On the other hand, the optimum level generating circuit 46 decides the 
reception channel designated by the channel selection signal and then 
selects the channel reference level, as a selected channel reference 
level, from the plurality of channel reference levels which are stored in 
the channel table memory 46-1 (FIG. 2). The selected channel reference 
level corresponds to the reception channel and is delivered to the RF AGC 
control circuit 47. 
As shown in FIG. 3, the RF AGC control circuit 47 delivers the second level 
difference signal, as the RF AGC voltage, representative of the second 
level difference between the preselected level and the first level 
difference after lapse of the predetermined time duration T. 

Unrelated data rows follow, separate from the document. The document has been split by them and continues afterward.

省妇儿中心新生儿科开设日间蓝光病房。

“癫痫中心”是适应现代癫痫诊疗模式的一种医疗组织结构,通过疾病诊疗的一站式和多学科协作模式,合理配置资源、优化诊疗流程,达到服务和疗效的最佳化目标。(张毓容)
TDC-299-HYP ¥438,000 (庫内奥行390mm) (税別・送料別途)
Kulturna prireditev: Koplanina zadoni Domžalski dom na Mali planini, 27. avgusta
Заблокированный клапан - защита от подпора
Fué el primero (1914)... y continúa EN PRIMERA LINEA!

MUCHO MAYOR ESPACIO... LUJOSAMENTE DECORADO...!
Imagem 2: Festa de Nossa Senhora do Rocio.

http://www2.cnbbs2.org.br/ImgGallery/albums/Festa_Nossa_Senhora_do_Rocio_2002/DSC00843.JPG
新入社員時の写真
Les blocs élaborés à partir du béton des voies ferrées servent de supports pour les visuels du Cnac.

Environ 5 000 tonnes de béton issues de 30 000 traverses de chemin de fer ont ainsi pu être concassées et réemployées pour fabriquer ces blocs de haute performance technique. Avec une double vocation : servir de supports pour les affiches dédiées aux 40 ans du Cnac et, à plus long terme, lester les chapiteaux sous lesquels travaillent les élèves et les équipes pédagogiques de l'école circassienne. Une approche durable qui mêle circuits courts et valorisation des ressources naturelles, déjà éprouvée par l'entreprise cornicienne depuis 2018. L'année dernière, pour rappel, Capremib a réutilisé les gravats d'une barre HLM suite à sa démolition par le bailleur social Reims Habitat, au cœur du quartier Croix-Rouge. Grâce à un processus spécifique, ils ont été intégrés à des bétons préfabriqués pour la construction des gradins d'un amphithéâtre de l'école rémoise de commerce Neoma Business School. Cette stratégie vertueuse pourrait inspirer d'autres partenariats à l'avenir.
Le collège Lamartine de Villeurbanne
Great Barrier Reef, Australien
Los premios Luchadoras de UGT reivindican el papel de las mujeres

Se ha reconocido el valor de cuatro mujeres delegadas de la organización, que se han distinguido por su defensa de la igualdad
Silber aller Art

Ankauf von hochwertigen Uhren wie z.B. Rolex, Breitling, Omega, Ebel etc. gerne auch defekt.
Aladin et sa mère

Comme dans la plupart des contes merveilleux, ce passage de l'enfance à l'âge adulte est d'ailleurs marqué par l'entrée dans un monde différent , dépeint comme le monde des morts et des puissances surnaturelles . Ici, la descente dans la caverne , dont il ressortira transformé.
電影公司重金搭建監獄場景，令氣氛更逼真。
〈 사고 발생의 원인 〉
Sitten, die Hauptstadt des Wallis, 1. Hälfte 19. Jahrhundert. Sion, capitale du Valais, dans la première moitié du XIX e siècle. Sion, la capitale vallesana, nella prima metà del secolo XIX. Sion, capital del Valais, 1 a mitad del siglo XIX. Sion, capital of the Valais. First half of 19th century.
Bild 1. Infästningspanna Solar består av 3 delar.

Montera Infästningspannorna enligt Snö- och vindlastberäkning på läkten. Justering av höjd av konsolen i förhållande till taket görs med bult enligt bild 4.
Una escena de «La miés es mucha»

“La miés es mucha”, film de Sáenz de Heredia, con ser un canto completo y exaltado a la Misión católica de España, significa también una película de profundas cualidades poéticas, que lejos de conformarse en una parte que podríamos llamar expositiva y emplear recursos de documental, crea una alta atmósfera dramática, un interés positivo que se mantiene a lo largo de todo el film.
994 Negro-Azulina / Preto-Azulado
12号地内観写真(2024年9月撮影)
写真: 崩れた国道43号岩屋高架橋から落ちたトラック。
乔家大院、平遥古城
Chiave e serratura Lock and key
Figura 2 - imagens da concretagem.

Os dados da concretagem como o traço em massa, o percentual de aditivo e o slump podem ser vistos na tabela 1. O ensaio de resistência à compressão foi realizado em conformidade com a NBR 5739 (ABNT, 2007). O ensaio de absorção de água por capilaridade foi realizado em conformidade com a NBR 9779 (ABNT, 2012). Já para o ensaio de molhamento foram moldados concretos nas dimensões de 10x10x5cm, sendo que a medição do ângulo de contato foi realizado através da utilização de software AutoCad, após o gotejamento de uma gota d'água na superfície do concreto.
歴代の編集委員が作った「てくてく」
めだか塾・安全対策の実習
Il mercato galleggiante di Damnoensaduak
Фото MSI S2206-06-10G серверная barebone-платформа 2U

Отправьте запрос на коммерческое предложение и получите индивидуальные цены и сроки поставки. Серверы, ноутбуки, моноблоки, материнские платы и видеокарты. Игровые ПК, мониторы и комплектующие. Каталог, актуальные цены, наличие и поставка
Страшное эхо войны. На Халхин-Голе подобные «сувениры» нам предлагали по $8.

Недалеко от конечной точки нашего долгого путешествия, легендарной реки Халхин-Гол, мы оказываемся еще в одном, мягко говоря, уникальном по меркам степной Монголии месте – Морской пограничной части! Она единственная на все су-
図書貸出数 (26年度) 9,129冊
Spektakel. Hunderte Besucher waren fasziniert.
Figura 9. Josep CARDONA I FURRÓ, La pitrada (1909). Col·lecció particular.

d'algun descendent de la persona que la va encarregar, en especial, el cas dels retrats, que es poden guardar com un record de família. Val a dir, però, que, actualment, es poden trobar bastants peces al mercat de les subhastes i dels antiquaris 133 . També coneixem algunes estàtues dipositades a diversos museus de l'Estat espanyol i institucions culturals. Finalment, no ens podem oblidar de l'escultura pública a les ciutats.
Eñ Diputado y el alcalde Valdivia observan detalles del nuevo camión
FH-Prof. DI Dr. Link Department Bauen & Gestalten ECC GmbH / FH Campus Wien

As illustrated in FIG. 4, the IF AGC control circuit 48 selects the second 
initial voltage signal produced from the second initial level generating 
circuit 45 each time when the channel selection signal was updated. The IF 
AGC control circuit 48 delivers the second initial voltage signal, as the 
IF AGC voltage, to the IF amplifier circuit 31 during the predetermined 
time duration T. 
On the other hand, the level detection circuit 41 detects the mean level of 
the output signal as the detected level. The comparator 43 compares the 
detected level with the predetermined reference level generated by the 
reference level generating circuit 42 and produces the first level 
difference signal representative of the first level difference between the 
detected level and the predetermined reference level. After a lapse of the 
predetermined time duration T, the IF AGC control circuit 48 selects the 
first level difference signal produced from the comparator 43 and delivers 
the first level difference signal, as the IF AGC voltage, as shown in FIG. 
4. The IF AGC control circuit 44 controls the gain of the IF amplifier 
circuit 31 so that the first level difference becomes to zero. 
As mentioned above, when the power supply is turned to on, or when the 
channel selection signal was updated, the automatic gain control circuit 4 
gives the first initial level and the second initial level to the RF 
amplifier circuit 22 and the IF amplifier circuit 31 as the RF AGC voltage 
and the IF AGC voltage, respectively, during the predetermined time 
duration T. As a result, the gains of the RF amplifier circuit 22 and the 
IF amplifier circuit 31 are kept at a constant value regardless of the 
reception channel. After a lapse of the predetermined time duration T, the 
RF amplifier circuit 22 is supplied from the RF AGC control circuit 47 
with the RF AGC voltage that is the second level difference between the 
channel reference level corresponding to the reception channel and the 
first level difference produced from the comparator 43. Even if the IF 
signal has a lower level as a result of a lower reception level of the 
reception channel, it is possible to keep the output of the IF amplifier 
circuit 31 at a constant value by increasing the gain of the IF amplifier 
circuit 31 under the control of the IF AGC voltage.